* _Brief_: Only one stretch of the listing below is wanted. Begin at the line that has "1. 規格:14W/黃光", stop after the line that has "Поскольку форма умывальников", and repeat every line in between exactly.

'''

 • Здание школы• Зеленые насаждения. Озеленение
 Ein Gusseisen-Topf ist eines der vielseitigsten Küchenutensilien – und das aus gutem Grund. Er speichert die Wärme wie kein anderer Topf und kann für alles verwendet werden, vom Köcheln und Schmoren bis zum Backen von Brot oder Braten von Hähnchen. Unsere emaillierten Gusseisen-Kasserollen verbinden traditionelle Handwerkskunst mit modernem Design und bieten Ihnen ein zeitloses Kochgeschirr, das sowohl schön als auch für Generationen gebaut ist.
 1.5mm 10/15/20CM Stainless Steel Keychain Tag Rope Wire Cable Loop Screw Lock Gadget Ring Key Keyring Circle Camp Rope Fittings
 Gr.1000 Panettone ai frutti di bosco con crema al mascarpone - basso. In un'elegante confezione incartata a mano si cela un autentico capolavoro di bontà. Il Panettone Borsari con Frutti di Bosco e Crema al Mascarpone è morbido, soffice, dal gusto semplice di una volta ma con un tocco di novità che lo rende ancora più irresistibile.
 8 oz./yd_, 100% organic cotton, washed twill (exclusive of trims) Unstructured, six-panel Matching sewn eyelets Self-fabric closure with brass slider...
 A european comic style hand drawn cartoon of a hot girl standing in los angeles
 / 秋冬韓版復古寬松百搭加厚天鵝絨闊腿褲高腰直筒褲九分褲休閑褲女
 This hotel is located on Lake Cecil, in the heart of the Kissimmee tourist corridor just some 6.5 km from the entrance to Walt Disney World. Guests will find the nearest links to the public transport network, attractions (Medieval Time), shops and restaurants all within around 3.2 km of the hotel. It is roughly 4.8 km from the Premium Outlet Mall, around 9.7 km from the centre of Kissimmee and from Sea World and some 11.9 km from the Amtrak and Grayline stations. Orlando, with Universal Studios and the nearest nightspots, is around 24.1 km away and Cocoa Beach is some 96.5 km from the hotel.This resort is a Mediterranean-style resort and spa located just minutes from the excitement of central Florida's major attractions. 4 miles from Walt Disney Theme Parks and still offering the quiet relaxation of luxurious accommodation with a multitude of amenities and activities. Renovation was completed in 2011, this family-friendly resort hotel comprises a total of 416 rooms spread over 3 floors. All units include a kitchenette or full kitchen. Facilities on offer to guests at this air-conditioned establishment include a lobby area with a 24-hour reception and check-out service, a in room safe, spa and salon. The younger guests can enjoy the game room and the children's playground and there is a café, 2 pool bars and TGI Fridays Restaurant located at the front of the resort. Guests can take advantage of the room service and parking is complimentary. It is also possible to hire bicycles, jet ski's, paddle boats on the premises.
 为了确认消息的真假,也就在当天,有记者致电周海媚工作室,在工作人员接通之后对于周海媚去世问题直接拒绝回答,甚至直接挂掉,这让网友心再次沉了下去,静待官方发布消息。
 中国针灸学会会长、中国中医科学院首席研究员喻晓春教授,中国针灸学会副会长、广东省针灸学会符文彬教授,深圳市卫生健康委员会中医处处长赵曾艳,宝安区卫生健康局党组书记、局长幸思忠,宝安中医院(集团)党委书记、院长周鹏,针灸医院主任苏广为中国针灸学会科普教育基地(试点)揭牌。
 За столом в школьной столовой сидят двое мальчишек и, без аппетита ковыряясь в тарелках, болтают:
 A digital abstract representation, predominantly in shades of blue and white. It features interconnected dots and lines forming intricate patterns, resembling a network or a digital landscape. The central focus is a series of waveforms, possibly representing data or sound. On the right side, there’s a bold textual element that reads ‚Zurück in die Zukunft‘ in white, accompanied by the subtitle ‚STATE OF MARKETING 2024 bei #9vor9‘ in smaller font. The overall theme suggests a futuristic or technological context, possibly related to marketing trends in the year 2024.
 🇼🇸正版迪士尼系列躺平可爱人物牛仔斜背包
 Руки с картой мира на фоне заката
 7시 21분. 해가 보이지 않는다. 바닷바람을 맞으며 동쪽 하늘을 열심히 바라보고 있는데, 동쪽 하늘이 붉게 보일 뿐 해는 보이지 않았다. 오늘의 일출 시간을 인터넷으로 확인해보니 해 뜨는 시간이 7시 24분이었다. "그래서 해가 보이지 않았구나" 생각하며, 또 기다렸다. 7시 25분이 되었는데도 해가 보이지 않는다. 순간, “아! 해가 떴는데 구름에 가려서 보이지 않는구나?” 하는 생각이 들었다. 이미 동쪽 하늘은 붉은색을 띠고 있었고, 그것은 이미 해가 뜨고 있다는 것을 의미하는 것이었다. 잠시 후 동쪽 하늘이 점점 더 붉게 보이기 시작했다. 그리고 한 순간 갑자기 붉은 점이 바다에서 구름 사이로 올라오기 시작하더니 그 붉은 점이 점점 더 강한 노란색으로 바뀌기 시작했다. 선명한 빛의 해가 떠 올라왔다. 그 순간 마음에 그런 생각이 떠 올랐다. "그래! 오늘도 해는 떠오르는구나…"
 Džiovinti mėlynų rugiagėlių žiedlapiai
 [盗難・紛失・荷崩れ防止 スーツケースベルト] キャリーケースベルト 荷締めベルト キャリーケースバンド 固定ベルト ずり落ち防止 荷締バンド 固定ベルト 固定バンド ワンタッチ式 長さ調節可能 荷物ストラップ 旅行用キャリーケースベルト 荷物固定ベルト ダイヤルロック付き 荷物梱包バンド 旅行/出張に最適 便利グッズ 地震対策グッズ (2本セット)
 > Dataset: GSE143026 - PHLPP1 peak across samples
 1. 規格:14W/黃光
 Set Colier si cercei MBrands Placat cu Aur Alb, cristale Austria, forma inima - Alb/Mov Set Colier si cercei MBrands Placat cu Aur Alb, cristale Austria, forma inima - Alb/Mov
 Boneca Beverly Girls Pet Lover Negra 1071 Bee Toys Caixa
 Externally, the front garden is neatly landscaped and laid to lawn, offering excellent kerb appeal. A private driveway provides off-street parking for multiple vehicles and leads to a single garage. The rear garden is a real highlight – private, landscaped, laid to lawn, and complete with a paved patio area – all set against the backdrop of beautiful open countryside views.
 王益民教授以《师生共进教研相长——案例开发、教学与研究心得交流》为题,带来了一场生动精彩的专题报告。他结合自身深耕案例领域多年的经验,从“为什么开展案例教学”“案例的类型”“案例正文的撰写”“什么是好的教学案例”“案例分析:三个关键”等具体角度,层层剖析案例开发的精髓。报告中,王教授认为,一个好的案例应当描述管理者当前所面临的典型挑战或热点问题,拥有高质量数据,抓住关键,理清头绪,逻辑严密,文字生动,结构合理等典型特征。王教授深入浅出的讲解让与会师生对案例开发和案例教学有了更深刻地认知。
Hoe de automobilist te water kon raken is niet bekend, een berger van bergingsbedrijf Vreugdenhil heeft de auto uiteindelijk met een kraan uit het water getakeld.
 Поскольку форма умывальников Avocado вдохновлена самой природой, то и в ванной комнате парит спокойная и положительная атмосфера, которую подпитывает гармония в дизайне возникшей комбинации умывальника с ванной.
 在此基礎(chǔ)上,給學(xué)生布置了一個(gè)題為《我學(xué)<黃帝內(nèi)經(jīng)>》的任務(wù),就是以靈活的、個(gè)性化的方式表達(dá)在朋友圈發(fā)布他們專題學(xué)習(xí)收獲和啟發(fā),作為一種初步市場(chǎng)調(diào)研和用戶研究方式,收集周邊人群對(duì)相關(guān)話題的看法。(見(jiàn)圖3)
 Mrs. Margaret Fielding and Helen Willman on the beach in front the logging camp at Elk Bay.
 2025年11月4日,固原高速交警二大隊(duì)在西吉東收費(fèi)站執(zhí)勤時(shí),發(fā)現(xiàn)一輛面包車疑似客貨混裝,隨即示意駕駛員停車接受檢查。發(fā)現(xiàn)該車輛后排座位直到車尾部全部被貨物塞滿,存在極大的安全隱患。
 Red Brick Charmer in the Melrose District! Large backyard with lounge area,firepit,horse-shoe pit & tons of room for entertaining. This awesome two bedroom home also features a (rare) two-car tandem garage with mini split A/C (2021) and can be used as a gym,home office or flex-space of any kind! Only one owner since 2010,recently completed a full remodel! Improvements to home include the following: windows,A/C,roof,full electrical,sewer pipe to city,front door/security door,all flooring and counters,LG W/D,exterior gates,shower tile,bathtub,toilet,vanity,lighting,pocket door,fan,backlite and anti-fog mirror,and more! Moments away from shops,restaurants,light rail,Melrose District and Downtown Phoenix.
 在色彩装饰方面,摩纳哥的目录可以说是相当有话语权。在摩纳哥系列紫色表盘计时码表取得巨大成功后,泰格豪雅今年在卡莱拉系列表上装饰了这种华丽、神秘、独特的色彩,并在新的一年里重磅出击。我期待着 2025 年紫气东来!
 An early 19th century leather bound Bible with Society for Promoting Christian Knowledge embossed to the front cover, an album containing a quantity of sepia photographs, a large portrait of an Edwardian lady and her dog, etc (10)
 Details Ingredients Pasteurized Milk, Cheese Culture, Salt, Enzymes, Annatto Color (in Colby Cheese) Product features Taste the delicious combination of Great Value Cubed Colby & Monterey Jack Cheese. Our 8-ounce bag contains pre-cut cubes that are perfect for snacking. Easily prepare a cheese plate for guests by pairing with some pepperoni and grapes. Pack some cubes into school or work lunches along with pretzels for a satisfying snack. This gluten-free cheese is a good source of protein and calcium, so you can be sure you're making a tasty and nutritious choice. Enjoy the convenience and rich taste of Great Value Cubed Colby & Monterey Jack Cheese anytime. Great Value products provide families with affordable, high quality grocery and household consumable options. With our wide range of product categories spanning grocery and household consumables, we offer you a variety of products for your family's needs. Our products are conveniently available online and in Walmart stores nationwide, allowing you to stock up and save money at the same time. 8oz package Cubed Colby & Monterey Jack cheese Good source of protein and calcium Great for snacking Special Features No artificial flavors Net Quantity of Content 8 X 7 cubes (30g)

'''

* _Output of the exercise_:
 1. 規格:14W/黃光
 Set Colier si cercei MBrands Placat cu Aur Alb, cristale Austria, forma inima - Alb/Mov Set Colier si cercei MBrands Placat cu Aur Alb, cristale Austria, forma inima - Alb/Mov
 Boneca Beverly Girls Pet Lover Negra 1071 Bee Toys Caixa
 Externally, the front garden is neatly landscaped and laid to lawn, offering excellent kerb appeal. A private driveway provides off-street parking for multiple vehicles and leads to a single garage. The rear garden is a real highlight – private, landscaped, laid to lawn, and complete with a paved patio area – all set against the backdrop of beautiful open countryside views.
 王益民教授以《师生共进教研相长——案例开发、教学与研究心得交流》为题,带来了一场生动精彩的专题报告。他结合自身深耕案例领域多年的经验,从“为什么开展案例教学”“案例的类型”“案例正文的撰写”“什么是好的教学案例”“案例分析:三个关键”等具体角度,层层剖析案例开发的精髓。报告中,王教授认为,一个好的案例应当描述管理者当前所面临的典型挑战或热点问题,拥有高质量数据,抓住关键,理清头绪,逻辑严密,文字生动,结构合理等典型特征。王教授深入浅出的讲解让与会师生对案例开发和案例教学有了更深刻地认知。
Hoe de automobilist te water kon raken is niet bekend, een berger van bergingsbedrijf Vreugdenhil heeft de auto uiteindelijk met een kraan uit het water getakeld.
 Поскольку форма умывальников Avocado вдохновлена самой природой, то и в ванной комнате парит спокойная и положительная атмосфера, которую подпитывает гармония в дизайне возникшей комбинации умывальника с ванной.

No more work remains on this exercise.